Rod Ebrahimi has a great piece in Forbes identifying three big Silicon Valley trends that will reshape the Financial Services industry. And while I think he’s right that increased transparency, more automation, and improved access to capital are, indeed, changing the way the Financial Services world operates, I can’t help but think he left out the biggest trend in Financial Services:
Open-source innovation in Big Data.
In his defense, Ebrahimi was focused more on front-office innovations in retail banking, like how much information banks share with Main Street customers like you and me. And perhaps he would consider open source “old news” in Financial Services, anyway. After all, Financial Services was one of the first big industries to embrace Linux and other open-source technologies.
Much of that early adoption, however, came down to open source’s price tag. As Anthony Golia, executive director of enterprise computing at Morgan Stanley, has declared, “We use [Linux] because it performs well on inexpensive, commodity hardware. That continues to be true and that continues to be a reason we use it.”
That’s great, as lowering costs while maintaining or improving performance is critical to being able to offer end-customers better service at lower prices. But while open source may have started out as a cheap imitation of proprietary technology, it’s now leading the charge on innovation, fed not by gargantuan R&D budgets but instead by open collaboration around common code.
That’s how innovation happens in 2013.
This is particularly needed in Financial Services, which is seeking a reprieve from long years shackled to relational database technology. As my colleague and vice president of Sales, EMEA, Joe Morrissey puts it,
Traditionally, investment banks - as all other organisations large and small - have relied on relational databases, with their rigid and tabular structures to store data. However, it is now becoming clear that these relational data stores are finding it difficult to cope with the enormous increase in data volumes and throughput that are now commonplace. Scaling relational databases is often prohibitively expensive due to the nature of their design.

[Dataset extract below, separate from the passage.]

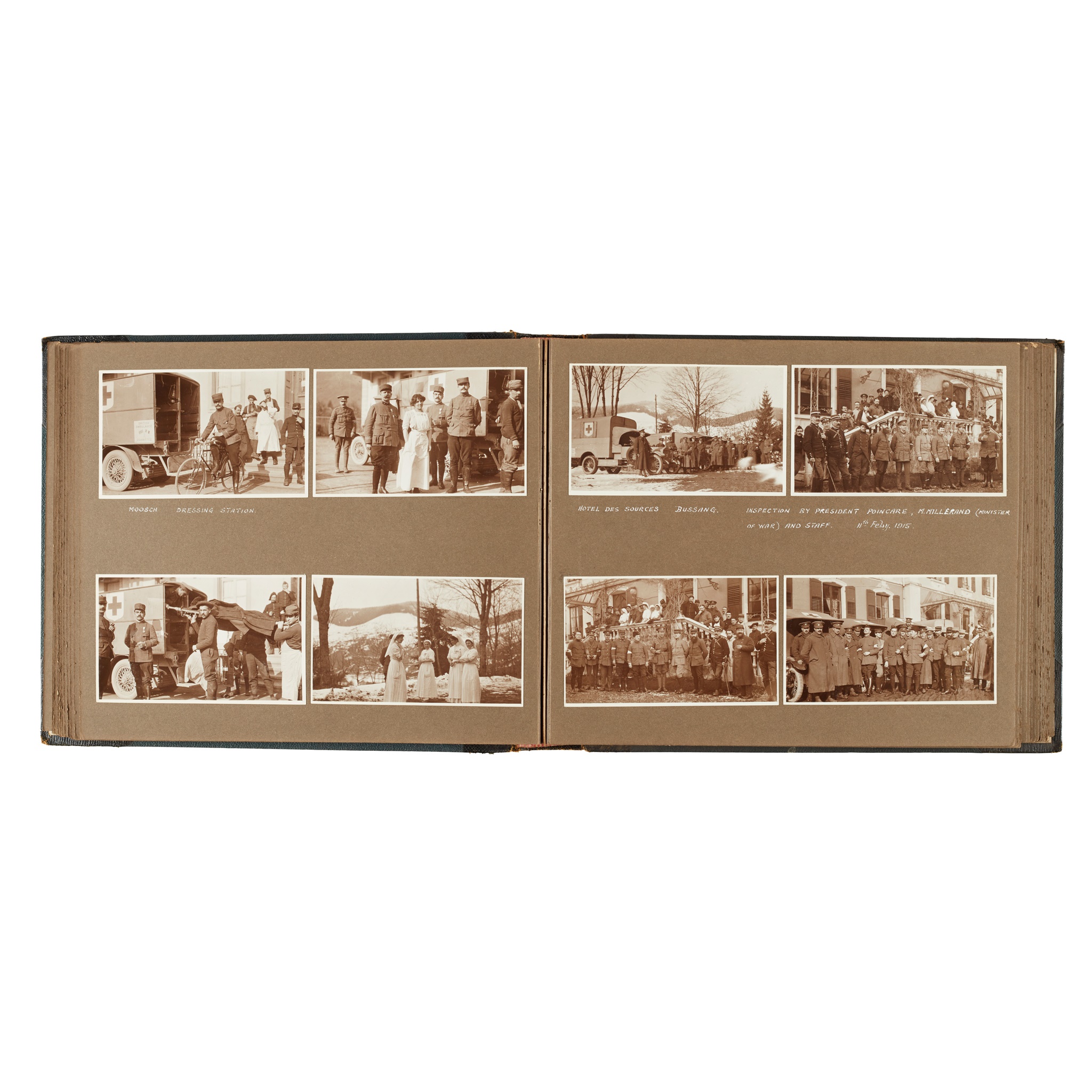 Pounder's End Shell Works, Middlesex, Souvenir of His Majesty The King's Visit, March 1st 1917, oblong 4to, 10 photographs, red crushed morocco gilt; [France, WWI] 36 laid-in photographs and several loose images showing signs of shelling in France, aircraft and weaponry; another album with 72 photographs, many showing service and medical personnel; and a collection of loose photographs including several of aircraft

This has led to many financial services firms reconsidering their default position of a relational model for their database architecture. Instead they are seeking alternatives that not only provide the performance and scalability at lower cost, but also introduce other benefits such as flexibility and agility.
Yes, there’s an element of cost savings driving this. As he goes on to suggest, “NoSQL databases are designed from the outset to offer massive scale-out capability on commodity and virtualised platforms. This is distinct from how relational databases are usually scaled through the utilisation of increasingly large and expensive servers.” In the absence of capital expenditures for software and low-cost, commodity software, open source can dramatically lower the cost profile of operating a Financial Services company.
But it’s deeper than this. Financial Services firms are increasingly determined to put Big Data to work, which requires a healthy dose of open source, as virtually all of the most popular Big Data technology is open source. Maybe all of it.
Big Data is what enables those banks to heavily customize their offerings to fit individual needs of their customers, just as Sears has done in retail using Hadoop and NoSQL technologies. It’s also how Financial Services companies increasingly process high-volume data feeds to glean insights that give it competitive advantage in trading, not to mention storing huge quantities of data in open-source “data hubs”, which data can then be easily analyzed or repurposed for later use.
In sum, where Ebrahimi sees three big trends in Financial Services being driven by Silicon Valley, I see four, and that fourth one - open-source innovation in how data is stored and processed - is the biggest of all. Open source is what largely makes it possible for Financial Services firms to emulate Silicon Valley, which is built on open source itself.